Taking a Risk but...


I want you

in the worst way...




Be MINE......





-sincerely CC


----------



## AussiePea (Mar 27, 2007)

Go get em tiger.


----------



## Twelve Keyz (Aug 28, 2011)

DAMN 

Sh*t just got real.


----------



## Ape in space (May 31, 2010)

I fear to watch....

yet I cannot turn away

opcorn


----------



## shyvr6 (Feb 18, 2008)

So_ that's_ what a girl hitting on you looks like. Kewl


----------



## diamondheart89 (Mar 21, 2011)

:clap


----------



## lanzman (Jun 14, 2004)

I applaud your courage. :clap


----------



## Black And Mild (Apr 11, 2011)

I'm yours sexy lady


----------



## GaaraAgain (Oct 10, 2011)

Oh ****, son. My dude got that swag.


----------



## pete24 (Oct 13, 2010)

Facepalm


----------



## arnie (Jan 24, 2012)

opcorn


----------



## Canucklehead (Aug 28, 2012)

That's what I'm talkin about, I wish I had balls as big as yours.


----------



## SoWrongItsRight (May 9, 2012)

Awh


----------



## crimsoncora (Mar 29, 2011)

.....damnn

That was easy!!!!


----------



## Black And Mild (Apr 11, 2011)

I want you in the worst way too


----------



## DeeperUnderstanding (May 19, 2007)

If I was a girl, or a gay man, I'd say the same thing.


----------



## Tangerine (Feb 16, 2010)

Hawt


----------



## MaxPower (May 1, 2012)




----------



## NightWingLikeABoss (Sep 11, 2011)

This is quite possibly the most shocking, daring, and romantic thing I've ever seen.
This is like that thing with the jumbotron, only bolder.
Hats off to thee!


----------



## Black And Mild (Apr 11, 2011)

I always wanted you, but I'm telling you now I ain't good for your health girl.


----------



## crimsoncora (Mar 29, 2011)

Heh...


am willing to take that dive <3


----------



## lyric (Aug 21, 2011)

He is irresistible. Congrats to OP.


----------



## Canucklehead (Aug 28, 2012)

Let's be real here, it wouldn't work for us dudes.

Who's gonna try it first?


----------



## Zeppelin (Jan 23, 2012)

shyvr6 said:


> So_ that's_ what a girl hitting on you looks like. Kewl


How do we know she's not secretly a man pretending to be a women online?


----------



## Twelve Keyz (Aug 28, 2011)

Zeppelin said:


> *a women*


why does everyone always say this on SAS?


----------



## Octal (Aug 2, 2011)

So...you guys gonna do it or what?


----------



## Zeppelin (Jan 23, 2012)

Twelve Keyz said:


> why does everyone always say this on SAS?

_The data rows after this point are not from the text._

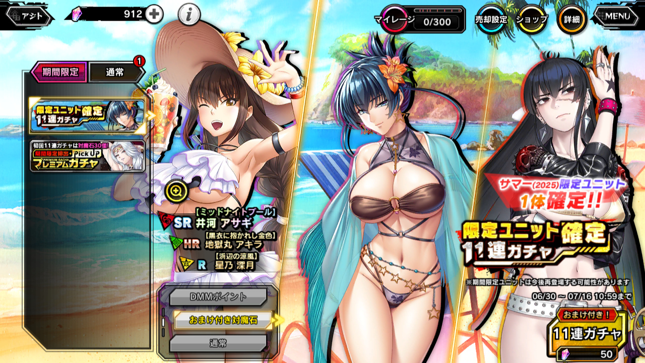 ▲限定なので、いつものおまけ付き限定ユニット確定11連ガチャがある。まずはこれから。アサギさん、ホワイトブロッサムから「年も考えず攻めた水着」とか言われていたが、よくお似合いですよ。アキラはなんで金ビキニなんだ、何を見た?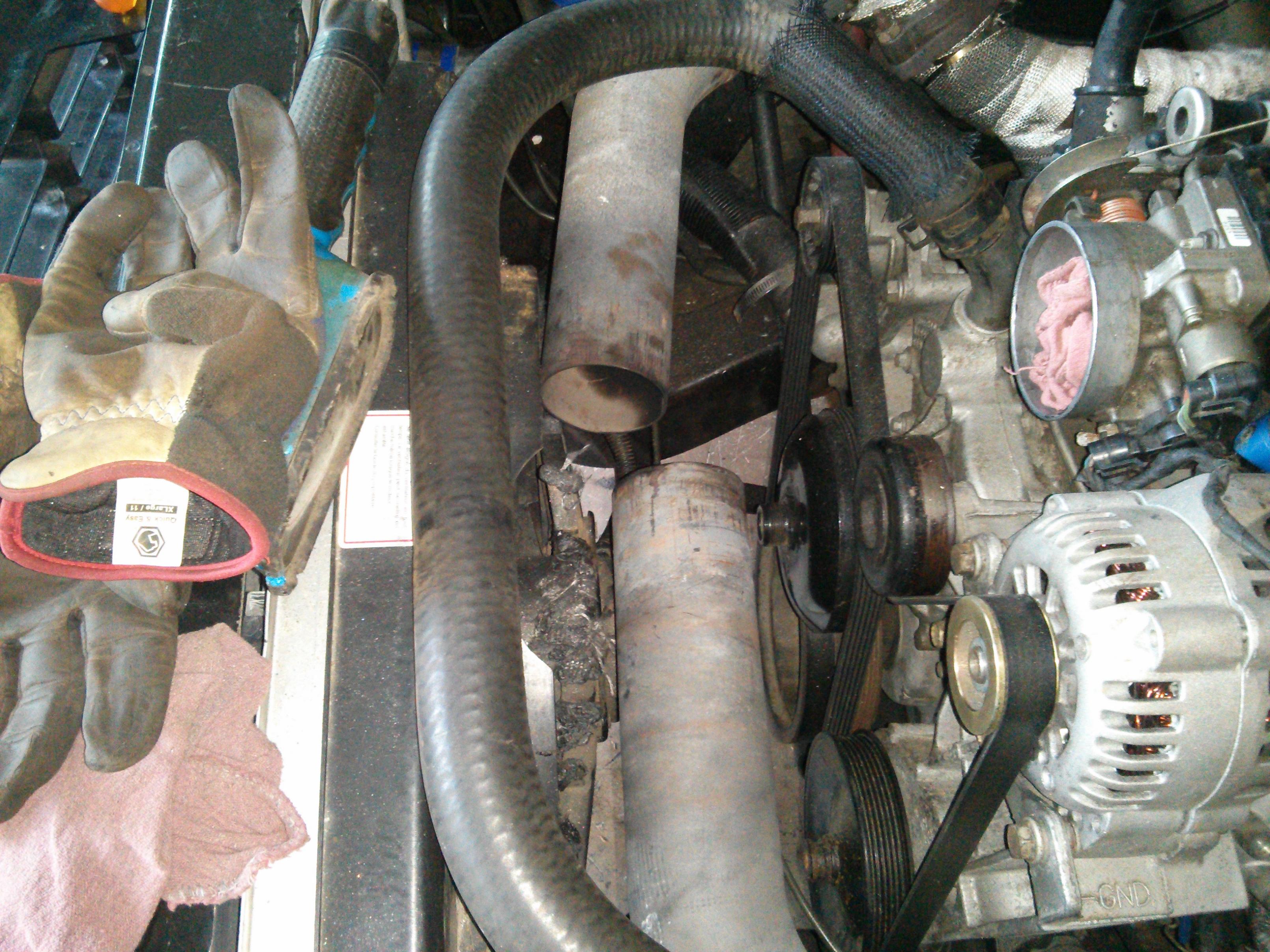 Well I been busy this weekend working on the truck. I fixed the exhaust cross over pipe this weekend. It was way to close to the radiator fan and they had a flex pipe on the cross over pipe. I ran out of exhaust wipe and energy to finish it today. I have a new turbo on its way. Hopefully by the 4th of july I will have the truck up and running again.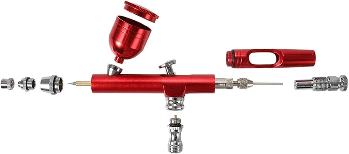 0.3mm needle nozzle, broad spray, action trigger for easy and accurate spray.Action gravity feed airbrush for fine art, nail art, temporary tattoo, cake decorating, hobbies etc.Made of fine quality material, convenient to use.Easy fluid refills and easy cleaning.Professional action gravity feed airbrush kit for hobby paint craft.Airbrush for model making, cake decorations, draw the outline of camouflage,tattoos nail art, etc.Saving much more time than handmade drawing and excellent for your spray painting business.Action trigger design saves raw materials and practical.Widely used by the general model enthusiasts.Specifications:Paint feeding mode: Gravity feedingCaliber of nozzle: 0.3mmLength of spray pen: 150 mmWorking air pressure: 15 - 50 PSIOn/ off mode: Dual-Action Trigger controlCapacity of jar: 7 CCNote:1. Please test the pen with water first.2. Please do not use thick pigments, which will affect the effect of ejection.3. Wash the inside of the spray pen according to the steps in the manual after use.4. Install the spray pencil after cleaning.Kindly Note:This beauty special air compressorcan use for makeup, beauty, nail, temporary tattoos, cake decorating, low dense degree of dye, etc.and shall not be used for spraying thick paint.Please receive airbrush after debugging to the best state, and then use a clean water test, atomization is no
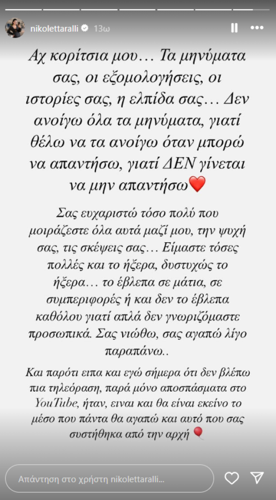 «Αχ κορίτσια μου… Τα μηνύματά σας, οι εξομολογήσεις, οι ιστορίες σας, η ελπίδα σας… Δεν ανοίγω όλα τα μηνύματα, γιατί θέλω να τα ανοίγω όταν μπορώ να απαντήσω, γιατί δεν γίνεται να μην απαντήσω».

How do you know I'm not a women pretending to be a man online? You don't.


----------



## coeur_brise (Oct 7, 2004)

Waiting for the "Now KISS!" picture that everyone posts at least once in every thread.


----------



## MaxPower (May 1, 2012)

sanria22 said:


> Waiting for the "Now KISS!" picture that everyone posts at least once in every thread.


----------



## coeur_brise (Oct 7, 2004)

MaxPower said:


>


----------



## TPower (Feb 3, 2011)

Canucklehead said:


> Let's be real here, it wouldn't work for us dudes.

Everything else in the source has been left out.